### WHAT IS BEING ASKED
Copying rule for the data below: pictures stay out, and only the lines from the one with "據(jù)醫(yī)院負責人" down to the one with "The verdict? Slightly", inclusive, are repeated exactly.

### SUPPLIED RECORDS
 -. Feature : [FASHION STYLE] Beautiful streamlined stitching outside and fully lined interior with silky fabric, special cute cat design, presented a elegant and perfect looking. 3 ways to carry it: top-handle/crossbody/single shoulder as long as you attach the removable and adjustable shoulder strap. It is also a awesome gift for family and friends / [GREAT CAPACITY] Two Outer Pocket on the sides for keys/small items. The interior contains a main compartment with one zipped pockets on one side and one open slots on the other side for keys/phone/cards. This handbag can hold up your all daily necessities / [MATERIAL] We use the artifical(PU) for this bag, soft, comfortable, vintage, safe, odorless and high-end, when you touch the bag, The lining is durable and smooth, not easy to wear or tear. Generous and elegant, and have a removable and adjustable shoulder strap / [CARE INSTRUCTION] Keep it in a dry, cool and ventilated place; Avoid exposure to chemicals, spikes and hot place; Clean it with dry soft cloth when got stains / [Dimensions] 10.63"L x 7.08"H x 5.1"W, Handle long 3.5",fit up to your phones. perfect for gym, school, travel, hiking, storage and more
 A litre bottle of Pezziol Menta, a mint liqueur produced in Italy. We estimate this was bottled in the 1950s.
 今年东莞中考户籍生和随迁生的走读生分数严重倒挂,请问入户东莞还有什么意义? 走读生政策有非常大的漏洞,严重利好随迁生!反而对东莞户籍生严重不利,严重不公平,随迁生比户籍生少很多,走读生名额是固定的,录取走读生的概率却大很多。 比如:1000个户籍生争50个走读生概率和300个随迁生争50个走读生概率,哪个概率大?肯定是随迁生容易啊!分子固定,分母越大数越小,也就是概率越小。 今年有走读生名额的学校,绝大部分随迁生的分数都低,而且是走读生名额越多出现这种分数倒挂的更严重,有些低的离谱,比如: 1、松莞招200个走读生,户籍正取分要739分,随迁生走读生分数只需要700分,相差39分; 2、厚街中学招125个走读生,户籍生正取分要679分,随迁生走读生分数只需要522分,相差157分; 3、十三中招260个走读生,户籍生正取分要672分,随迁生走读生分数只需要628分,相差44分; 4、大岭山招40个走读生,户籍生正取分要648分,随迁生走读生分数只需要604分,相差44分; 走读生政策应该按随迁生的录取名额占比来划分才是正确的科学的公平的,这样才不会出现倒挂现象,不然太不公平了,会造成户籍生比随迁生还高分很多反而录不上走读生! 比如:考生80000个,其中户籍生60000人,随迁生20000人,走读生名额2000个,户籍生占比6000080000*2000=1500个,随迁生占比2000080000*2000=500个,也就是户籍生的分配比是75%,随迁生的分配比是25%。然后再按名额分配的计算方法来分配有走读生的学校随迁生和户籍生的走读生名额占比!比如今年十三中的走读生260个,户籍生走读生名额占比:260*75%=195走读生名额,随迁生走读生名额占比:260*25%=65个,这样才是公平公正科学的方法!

--

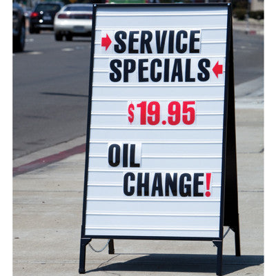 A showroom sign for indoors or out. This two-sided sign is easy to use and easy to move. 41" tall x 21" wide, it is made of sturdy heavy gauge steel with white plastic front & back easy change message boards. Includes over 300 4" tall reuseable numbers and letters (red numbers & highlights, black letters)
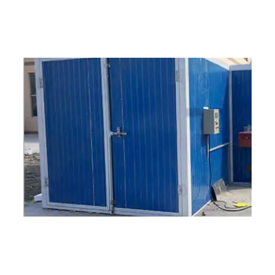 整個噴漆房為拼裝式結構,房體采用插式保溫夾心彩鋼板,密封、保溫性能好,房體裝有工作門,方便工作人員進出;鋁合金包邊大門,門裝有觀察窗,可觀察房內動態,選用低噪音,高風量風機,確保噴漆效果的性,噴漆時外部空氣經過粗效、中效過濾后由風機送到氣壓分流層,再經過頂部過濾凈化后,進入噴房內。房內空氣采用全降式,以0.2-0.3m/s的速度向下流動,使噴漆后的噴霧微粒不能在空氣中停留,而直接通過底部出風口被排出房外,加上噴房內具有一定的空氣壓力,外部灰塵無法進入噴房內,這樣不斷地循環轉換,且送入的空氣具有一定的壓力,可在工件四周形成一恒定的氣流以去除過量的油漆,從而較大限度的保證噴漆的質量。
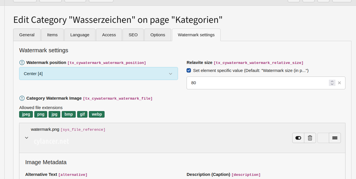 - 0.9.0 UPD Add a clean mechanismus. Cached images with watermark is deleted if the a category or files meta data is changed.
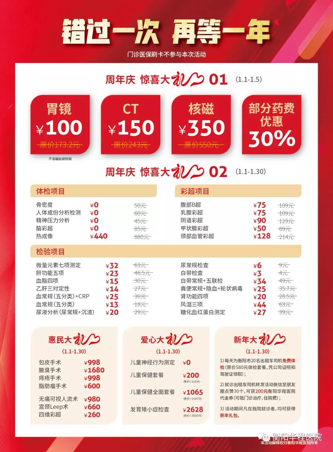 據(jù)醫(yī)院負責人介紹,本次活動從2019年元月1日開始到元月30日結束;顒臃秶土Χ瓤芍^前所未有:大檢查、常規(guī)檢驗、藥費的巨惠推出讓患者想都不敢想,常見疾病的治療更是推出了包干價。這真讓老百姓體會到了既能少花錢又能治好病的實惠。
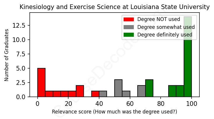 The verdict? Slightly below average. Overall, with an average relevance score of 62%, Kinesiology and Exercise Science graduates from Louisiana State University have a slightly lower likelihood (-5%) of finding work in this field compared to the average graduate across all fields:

### EXERCISE SOLUTION
 據(jù)醫(yī)院負責人介紹,本次活動從2019年元月1日開始到元月30日結束;顒臃秶土Χ瓤芍^前所未有:大檢查、常規(guī)檢驗、藥費的巨惠推出讓患者想都不敢想,常見疾病的治療更是推出了包干價。這真讓老百姓體會到了既能少花錢又能治好病的實惠。
 The verdict? Slightly below average. Overall, with an average relevance score of 62%, Kinesiology and Exercise Science graduates from Louisiana State University have a slightly lower likelihood (-5%) of finding work in this field compared to the average graduate across all fields:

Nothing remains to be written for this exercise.